Mikołaj Roznerski i Adriana Kalska tworzyli parę przez trzy lata, jednak ich związek zaczął się od przyjaźni. Aktorzy poznali się na planie serialu M jak Miłość, gdzie grali parę. Niedługo po tym ekranowa miłość przeniosła się do rzeczywistości i Ada i Mikołaj uchodzili za jedną z najpiękniejszych par w polskim show- biznesie.
Jakiś czas temu spekulowano, że aktorska para zaręczyła się i planuje ślub. Niestety jednak pod koniec stycznia tego roku, Kalska zamieściła na swoim Instagramie oświadczenie, w którym wyznała, że rozstała się z Roznerskim:
„Wypowiem się na ten temat raz i OSTATNI. Tak to prawda. W połowie grudnia rozstaliśmy się z @mroznerski. Rozstania dla nikogo nie są łatwe. Nasze prywatne drogi rozeszły się, jednak zawodowo nadal będziecie mogli nas oglądać na scenie i ekranie.” – napisała wówczas Kalska na swoim Instagramie.

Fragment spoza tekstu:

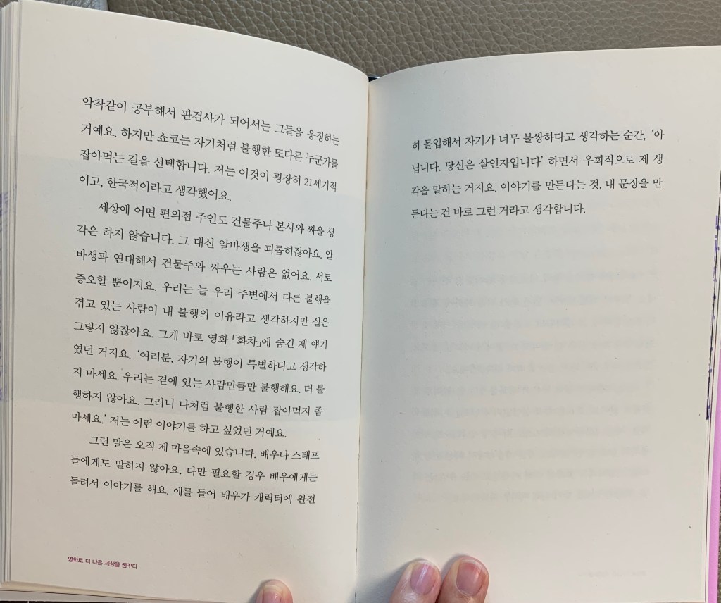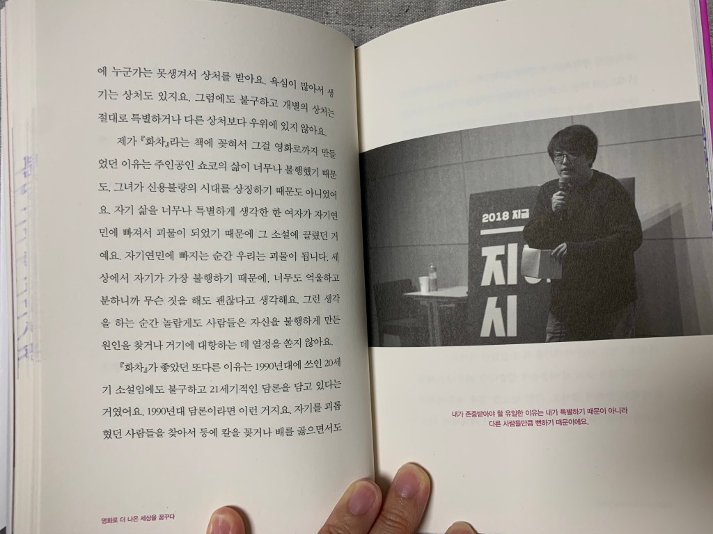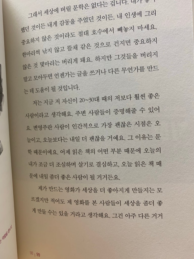 마음에 드는 멘트를 쏙쏙 골라서 해주는 ‘변영주’ 감독님의 강연이라 읽게 됐다.

W związku z rozstaniem aktorskiej pary, fani serialu M jak Miłość zaczęli obawiać się o losy bohaterów swojego ulubionego serialu. Chociaż Kalska zapewniła, że to nie wpłynie na ich pracę na planie, pojawiły się spekulacje, że być może produkcja rozdzieli także Izę i Marcina.

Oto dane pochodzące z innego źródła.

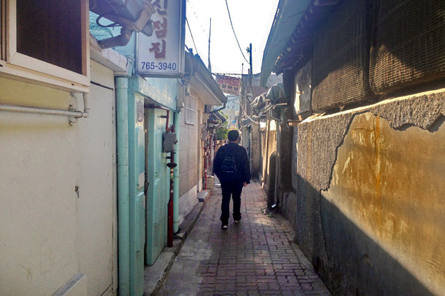 Descemos no ponto que fica de frente para a estação de metrô Anguk. Caminhamos alguns metros até nos entranhar no labiríntico Ikseon-dong. À medida em que nos aproximávamos do hotel, as ruas se estreitavam num caos arquitetônico formado por fios e construções singulares. Eu sabia que levaria um certo tempo para me acostumar com aquilo tudo. Sinceramente, não estava gostando. E acho que o Élcio também não. Éramos só nós dois naquela viagem, que teve início em uma belíssima jornada por Singapura.
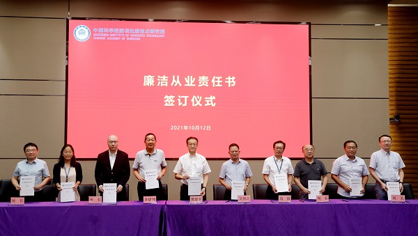 纪委书记冯伟综合分析国家、中科院的反腐倡廉形式,通报了内审共性问题和部分警示案例。新任转化处副处长章诵兰、科研处副处长孟龙也结合党史学习体会分享了各自工作领域的纪律规矩要求。会议还分层次签订了廉洁从业责任书。

Zobacz także: Roznerski o pracy z Kalską w M jak Miłość
Jakiś czas temu kilka słów na temat przyszłości bohaterów i atmosfery panującej w pracy powiedział Mikołaj:
„Jesteśmy zawodowcami, zachowujemy się zawodowo” – powiedział Roznerski.

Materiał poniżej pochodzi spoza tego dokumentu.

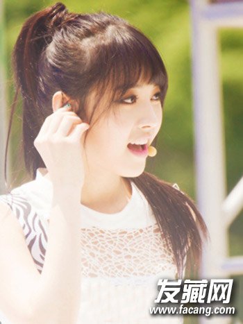 想知道直发发型怎么扎最好看的MM们可以尝试的一款简单直发马尾辫发型,深棕色染发的齐刘海长直发扎高马尾,很有活泼俏皮的气质。

Adriana Kalska oprócz grania w serialu M jak Miłość, pracuje także na planie produkcji TVN7 Papiery na szczęście, gdzie wciela się w główną postać. W związku z tym, aktorka pojawiła się na konferencji stacji TVN7. Było to jej pierwsze publiczne wyjście od rozstania z Roznerskim, zatem była to świetna okazja, by zamienić z aktorką kilka słów.
W rozmowie z reporterka jastrzabpost, Kalska odniosła się do wspólnej pracy z Mikołajem na planie Emki. Aktorka wypowiedziała się w podobnym tonie, co jej były partner. Dodała także, aby nie poruszona tematów związanych z jej byłym partnerem:
“Odpowiem tyle, że nam pracuje się tak, jak nam się pracowało, bo profesjonalnie podchodzimy do pracy. Nie będę nic więcej komentować, bo jasno wyraziłam się na swoim Instagramie. Proszę o uszanowanie mojej prośby.”
Spodziewaliście się takiej odpowiedzi?